7. Checkpoint + Run Tracker / Persistence
7.1 双 key 设计
Key 1:agent:cp:{check_point_id} — eino payload 存储
- 类型:String (直接存
[]byte,不走 JSON — eino Serializer 已负责序列化) - TTL:30 天,Set 时
EXPIRE 30*24*3600一次设置 - eino
CheckPointStore是纯 KV 接口 —Get(ctx, id) ([]byte, bool, error)/Set(ctx, id, []byte) error - eino 不会自动写入 status / canvas_id / tenant_id / run_id / parent_id / expires_at 等业务字段
Key 2:agent:run:{run_id} — 业务元数据存储 (Redis Hash)
| 字段 | 类型 | 含义 |
|---|---|---|
canvas_id | string | user_canvas.id |
tenant_id | string | 从 user-tenant lookup |
checkpoint_id | string | 当前 run 的最新 checkpoint (指向 key 1) |
parent_run_id | string | resume_from 源 run (续跑链),可空 |
status | int (0/1/2/3) | 0=running 1=succeeded 2=failed 3=cancelled |
failure_reason | string | 失败原因 (err.Error()) |
cancel_requested | int (0/1) | 1=用户/admin 已请求 cancel |
started_at | int (epoch ms) | |
finished_at | int (epoch ms) | 退出时填写 |
- TTL:30 天 (与 key 1 同步)
RunTracker.Start/MarkSucceeded/MarkFailed/MarkCancelled/AttachCheckpoint显式调用- 不依赖 eino 自动写 — cancel/fail 后的
status=failed由应用层自己写
7.2 4 个 eino payload 写入触发 (写 agent:cp:*)
| # | 触发点 | eino 源码 | 用途 |
|---|---|---|---|
| W1 | 节点显式 compose.Interrupt(ctx, info) / StatefulInterrupt(ctx, info, state) | compose/interrupt.go | human-in-the-loop、外部 API 回调、限流暂停 |
| W2 | compose.WithInterruptBeforeNodes([]string) / WithInterruptAfterNodes([]string) 编译期拦截点 | compose/interrupt.go | 命中后写盘 + 终止 run (与 W1 共用 handleInterrupt 路径);默认开 0 个 |
| W3 | 子 graph interrupt 向上传播 | subGraphInterruptError | 嵌套 subgraph / ToolsNode / agentic 抛 interrupt 时,父 graph 同步落盘 |
| W4 | 运行退出 | WithCheckPointID + WithWriteToCheckPointID | run 退出时最后一次落盘 |
7.3 4 个业务元数据写入 + 1 个恢复触发
| # | 触发点 | 写入函数 |
|---|---|---|
| B1 | Canvas run 启动 | RunTracker.Start(runID, canvasID, tenantID, parentRunID) |
| B2 | Run 正常完成 | RunTracker.MarkSucceeded(runID) |
| B3 | Run 失败 | RunTracker.MarkFailed(runID, err.Error()) |
| B4 | Run 被 cancel | RunTracker.MarkCancelled(runID) |
| B5 | Compile 成功后 | RunTracker.AttachCheckpoint(runID, cpID) |
| R1 | HTTP POST /run?resume_from=run_xxx | handler: HGetAll("agent:run:run_xxx") → checkpoint_id → WithCheckPointID(cpID) + WithWriteToCheckPointID(newCP) + RunTracker.Start(newRunID, canvas, tenant, "run_xxx") |
7.4 CheckPointStore / StateSerializer 接口设计
internal/agent/canvas/checkpoint_store.go:
type CheckPointStore interface {
Get(ctx context.Context, id string) ([]byte, bool, error)

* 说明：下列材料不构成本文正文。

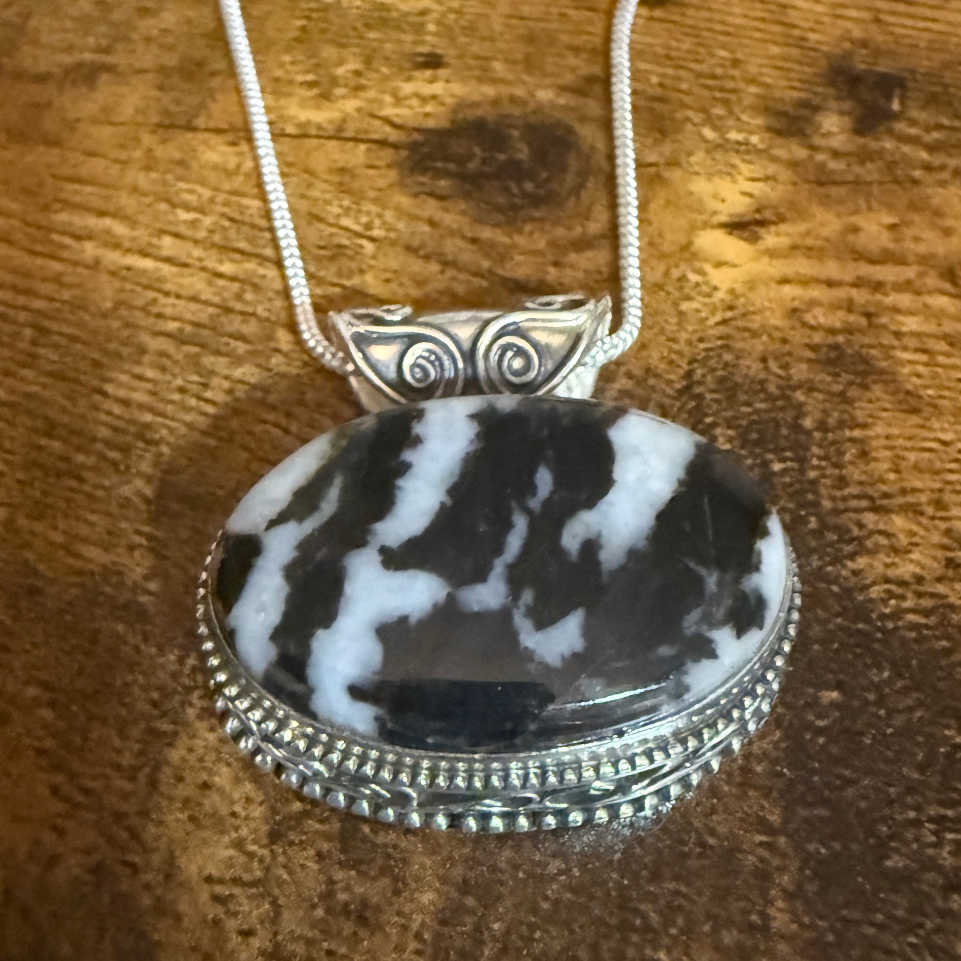 Exclusive, handcrafted necklace featuring White Buffalo Turquoise in a vintage ethnic bezel, set in 925 sterling silver with an 18-inch chain.

Set(ctx context.Context, id string, data []byte) error
Delete(ctx context.Context, id string) error // 自定义扩展, eino compose.CheckPointStore 无此方法
}
internal/agent/canvas/state_serializer.go:
type StateSerializer interface {
Marshal(v any) ([]byte, error)
Unmarshal(data []byte, v any) error
}
// CanvasStateSerializer — encoding/json
type CanvasStateSerializer struct{}
func (CanvasStateSerializer) Marshal(v any) ([]byte, error) { return json.Marshal(v) }
func (CanvasStateSerializer) Unmarshal(b []byte, v any) error { return json.Unmarshal(b, v) }
internal/agent/canvas/compile.go — 关键修正:
// 注意: 不能用 compose.WithSerializer 覆盖 eino 的 InternalSerializer!

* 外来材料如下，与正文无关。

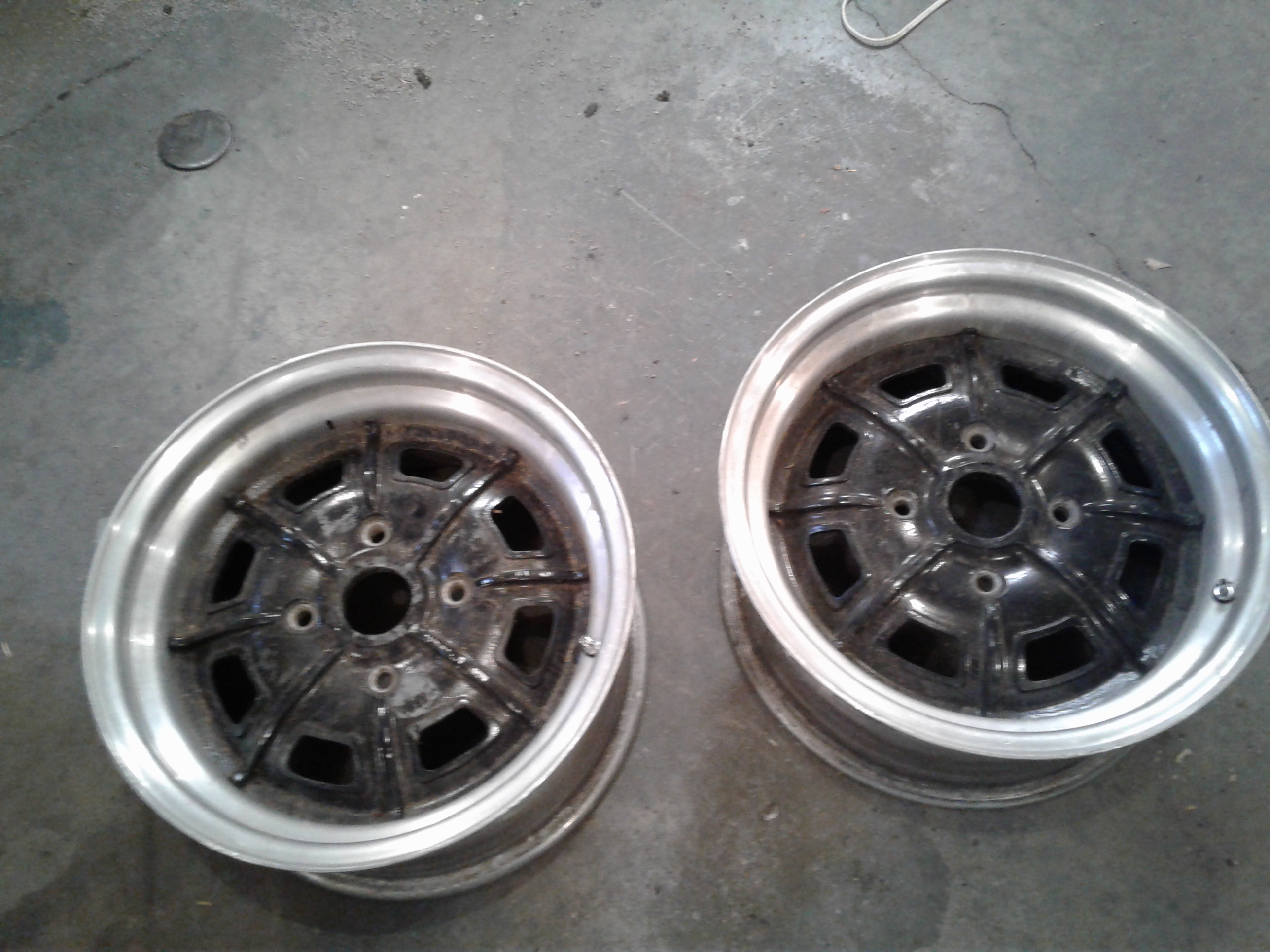 The other part of the package is a custom set of Pedrini wheels that have been widened and installed on 16" barrels. one set of 16" X 8"(2) and One set of 16" X 9" (2) ready to be refurbished. I have a set of 255X50X16's mounted on the 16 X 9's if you want to get right to installing the flares. These tires a worn out but are fine for mock up. I can't remember what I paid for the wheels but I am asking $ 850.00 for the wheels plus actual shipping. I purchased these off this form. So if someone remembers what I paid for them or can find the original ad I will sell for what I paid to pass these along to someone that will use them. If you want the package make me an offer. |

// eino 的 compose.Serializer 同时控制 (a) 用户提供的 state 序列化 AND (b) eino 内部
// graph state 序列化。覆盖会破坏 eino graph 内部 marshal/unmarshal 逻辑。
//
// 正确做法: 仅 wire WithCheckPointStore (custom KV 接口), 让 eino 内部
// InternalSerializer 保留默认值。同时 CanvasState 自带 MarshalJSON 让
// eino StatePre/PostHandler 能序列化 state。
func Compile(ctx context.Context, c *Canvas, opts ...CompileOption) (*CompiledCanvas, error) {
cfg := CompileOptions{}
for _, o := range opts { o(&cfg) }
compileOpts := []compose.GraphCompileOption{
compose.WithCheckPointStore(checkPointAdapter{cfg.Store}), // 适配 Delete
}
// 显式 NOT 调用 compose.WithSerializer
return wf.Compile(ctx, compileOpts...)
}
// checkPointAdapter drops the Delete method that compose.CheckPointStore does not declare.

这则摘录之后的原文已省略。